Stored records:
========

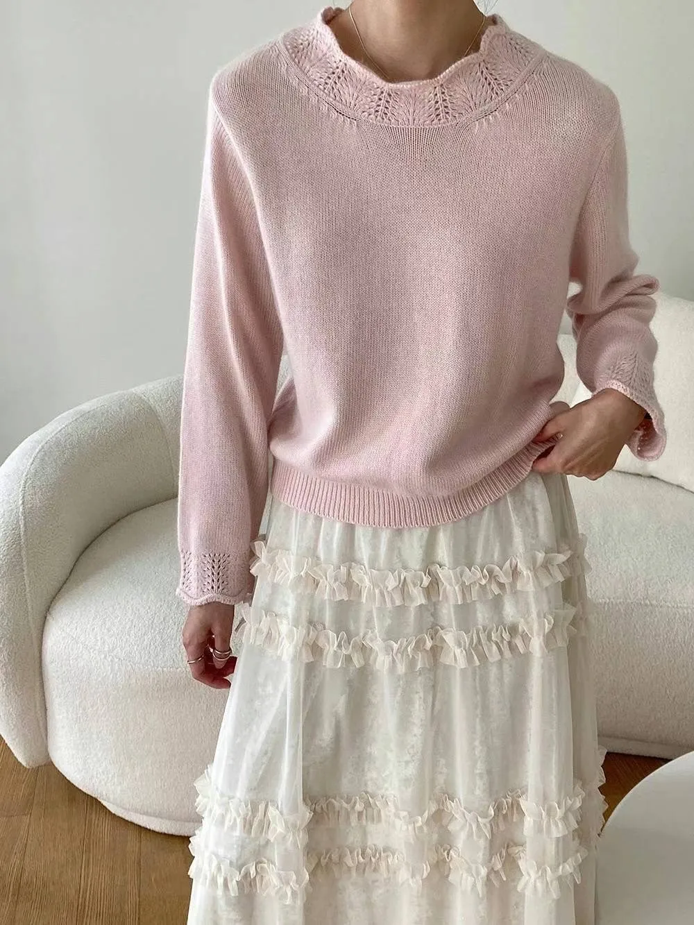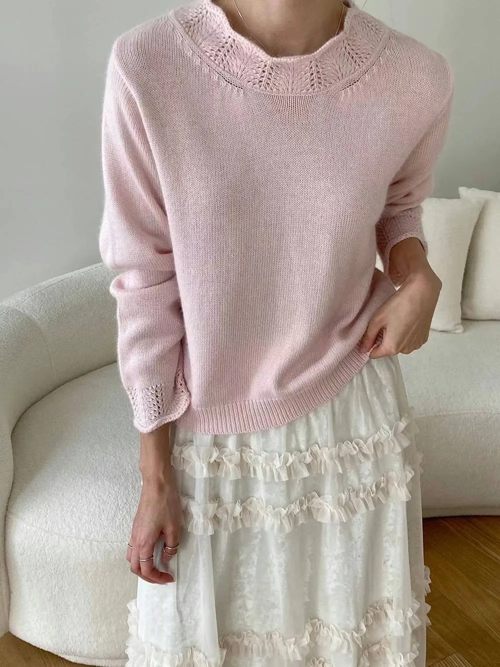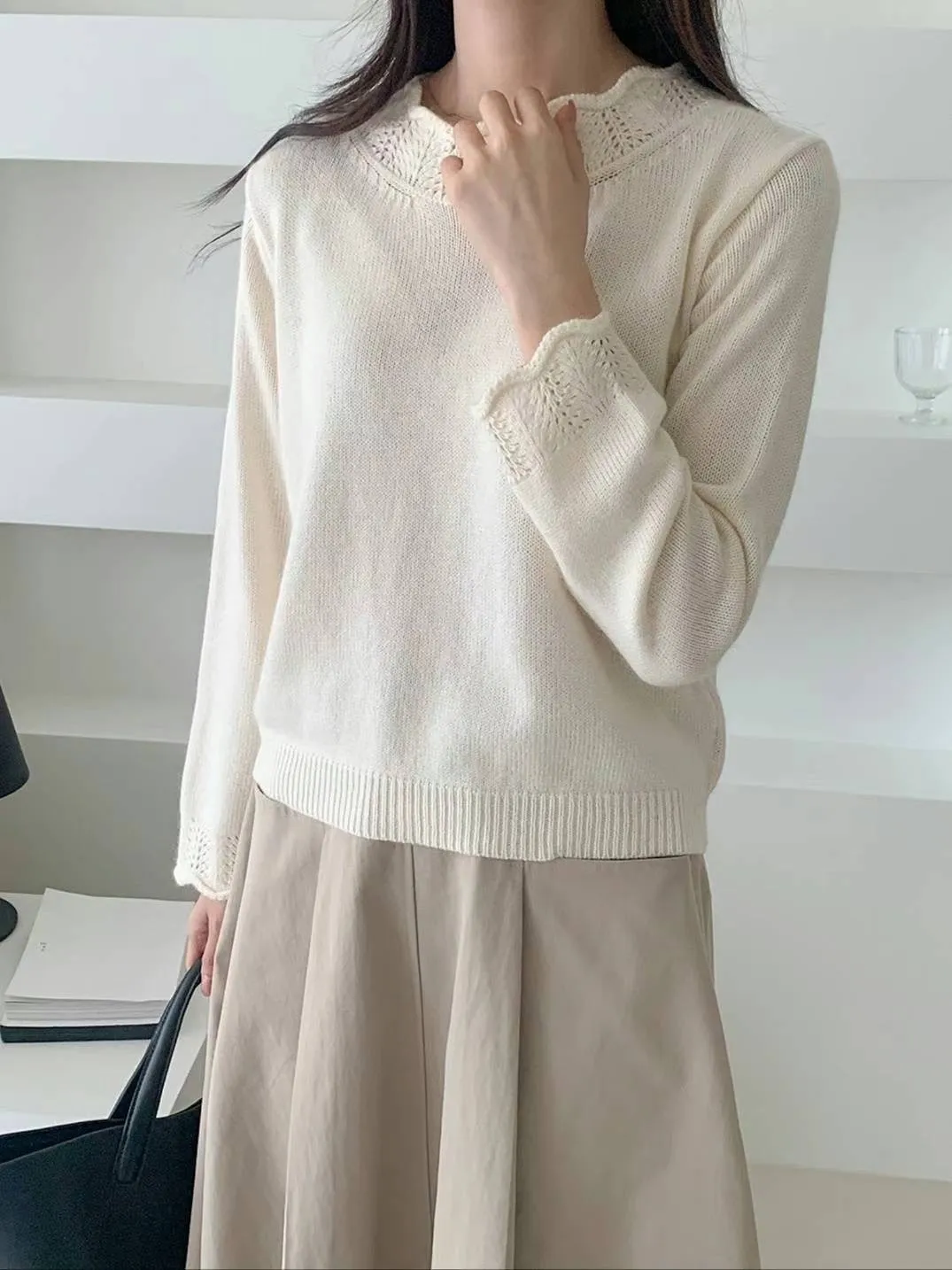 浣熊20%+高級羊毛50% 領口袖口簍空針織 有暖度
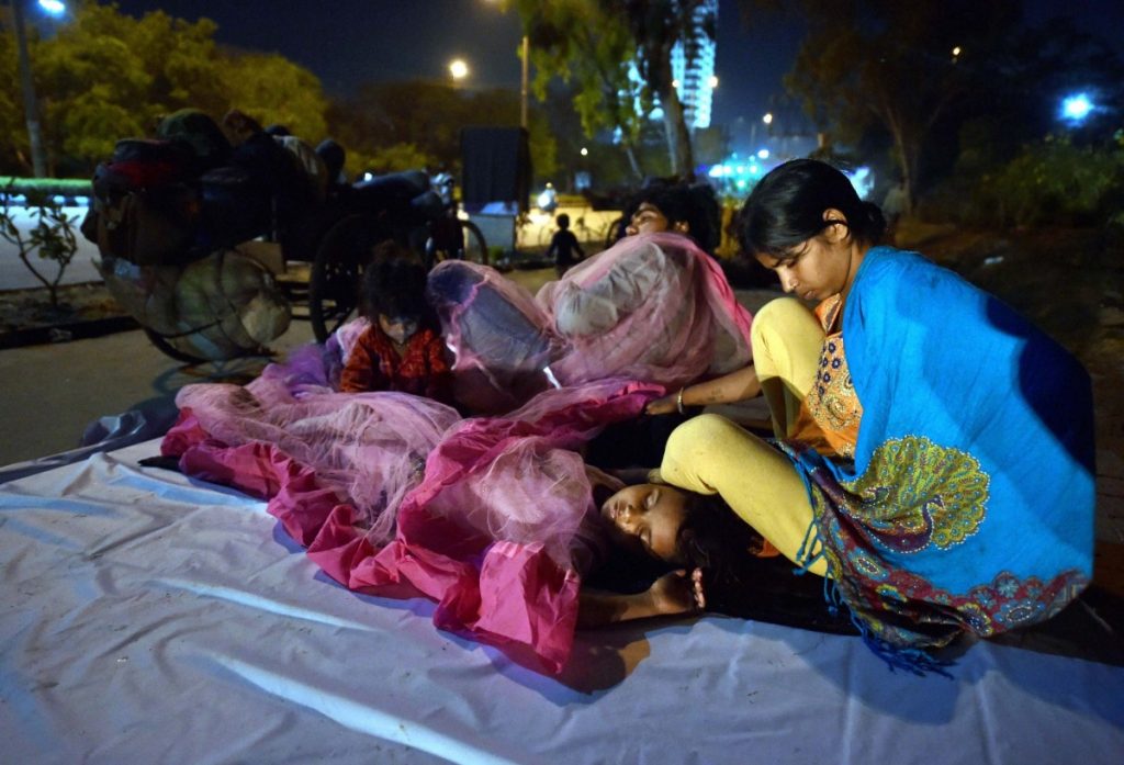 Migrant workers travelling from Gurgaon and Panipat rest in New Delhi on Thursday. Photo: PTI/Manvender Vashist
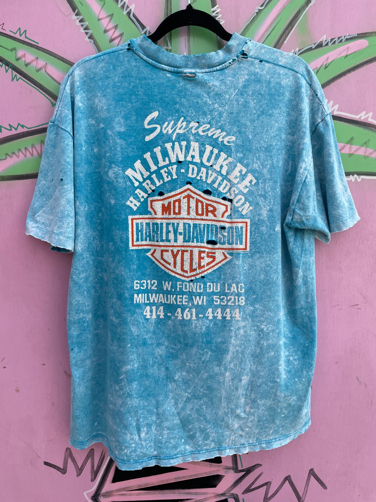 RARE! PERFECTLY DISTRESSED HARLEY DAVIDSON MINERAL WASH GRAPHIC T-SHIRT MILWAUKEE
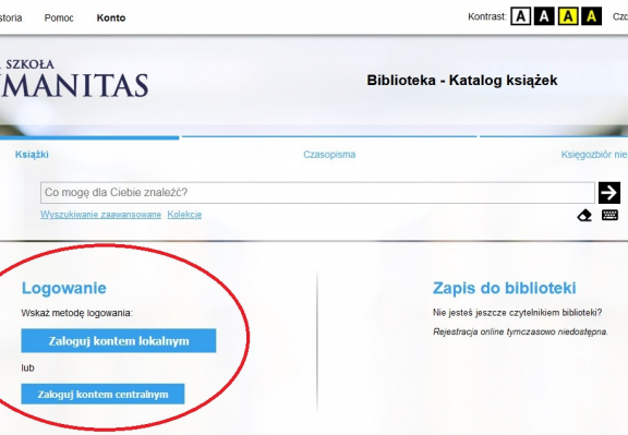 W przypadku problemu z logowaniem przez konto centralne należy użyć opcji „Zaloguj kontem lokalnym”. Czytelnicy logują się przez adres mailowy podany w procesie rekrutacyjnym. Na ten adres mailowy po kliknięciu opcji „Nie pamiętam hasła” zostanie wygenerowane i wysłane hasło do zalogowania w katalogu bibliotecznym. Po pierwszym zalogowaniu system wymusi na użytkowniku zmianę hasła.
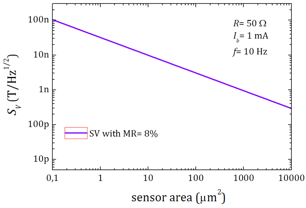 The limit of detection of a sensor is conditioned by its signal to noise ratio (SNR). Because the noise is also amplified with the signal, a good sensitivity is not sufficient, but also a low electronic noise. Because magnetoresistance sensors such as spin-valves are mainly affected noise in the usual ranges of application, this noise is minimized when the operating frequency is high enough. Being the noise an statistical mechanism, it decreases as the size of the sensor increases. In Figure 8 we show the theoretical detectivity at 10 Hz as a function of the magnetoresistance and sensor area for spin valve sensors, as reported in [36].
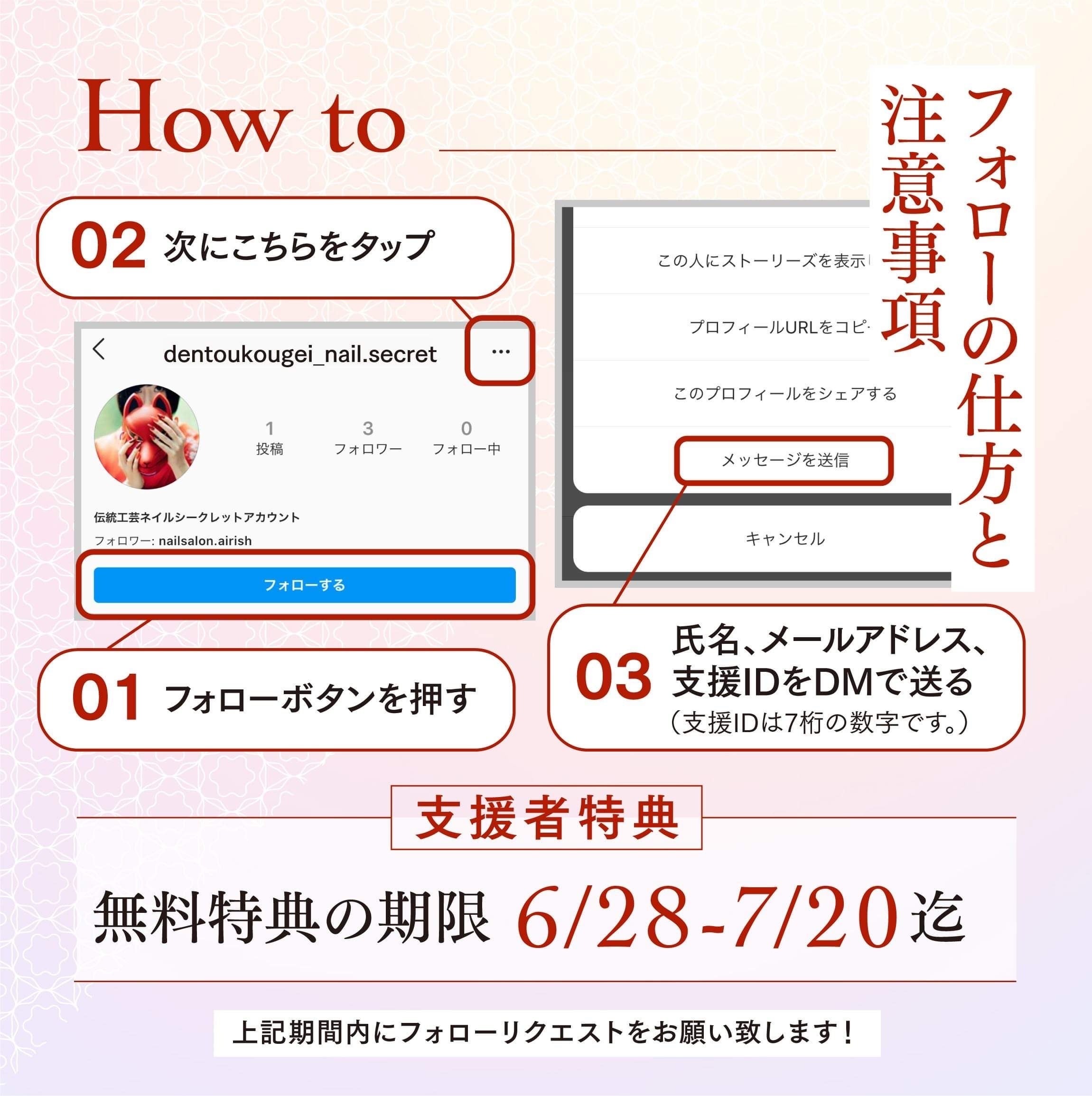 ⑶【氏名】【メールアドレス】【支援ID(7桁の数字)】をDMにてお送りください!

========

§ **Exercise details**: Please write out all of the data verbatim, with no pictures in the copy.

§ **Solution**:
 浣熊20%+高級羊毛50% 領口袖口簍空針織 有暖度
 Migrant workers travelling from Gurgaon and Panipat rest in New Delhi on Thursday. Photo: PTI/Manvender Vashist
 RARE! PERFECTLY DISTRESSED HARLEY DAVIDSON MINERAL WASH GRAPHIC T-SHIRT MILWAUKEE
 W przypadku problemu z logowaniem przez konto centralne należy użyć opcji „Zaloguj kontem lokalnym”. Czytelnicy logują się przez adres mailowy podany w procesie rekrutacyjnym. Na ten adres mailowy po kliknięciu opcji „Nie pamiętam hasła” zostanie wygenerowane i wysłane hasło do zalogowania w katalogu bibliotecznym. Po pierwszym zalogowaniu system wymusi na użytkowniku zmianę hasła.
 The limit of detection of a sensor is conditioned by its signal to noise ratio (SNR). Because the noise is also amplified with the signal, a good sensitivity is not sufficient, but also a low electronic noise. Because magnetoresistance sensors such as spin-valves are mainly affected noise in the usual ranges of application, this noise is minimized when the operating frequency is high enough. Being the noise an statistical mechanism, it decreases as the size of the sensor increases. In Figure 8 we show the theoretical detectivity at 10 Hz as a function of the magnetoresistance and sensor area for spin valve sensors, as reported in [36].
 ⑶【氏名】【メールアドレス】【支援ID(7桁の数字)】をDMにてお送りください!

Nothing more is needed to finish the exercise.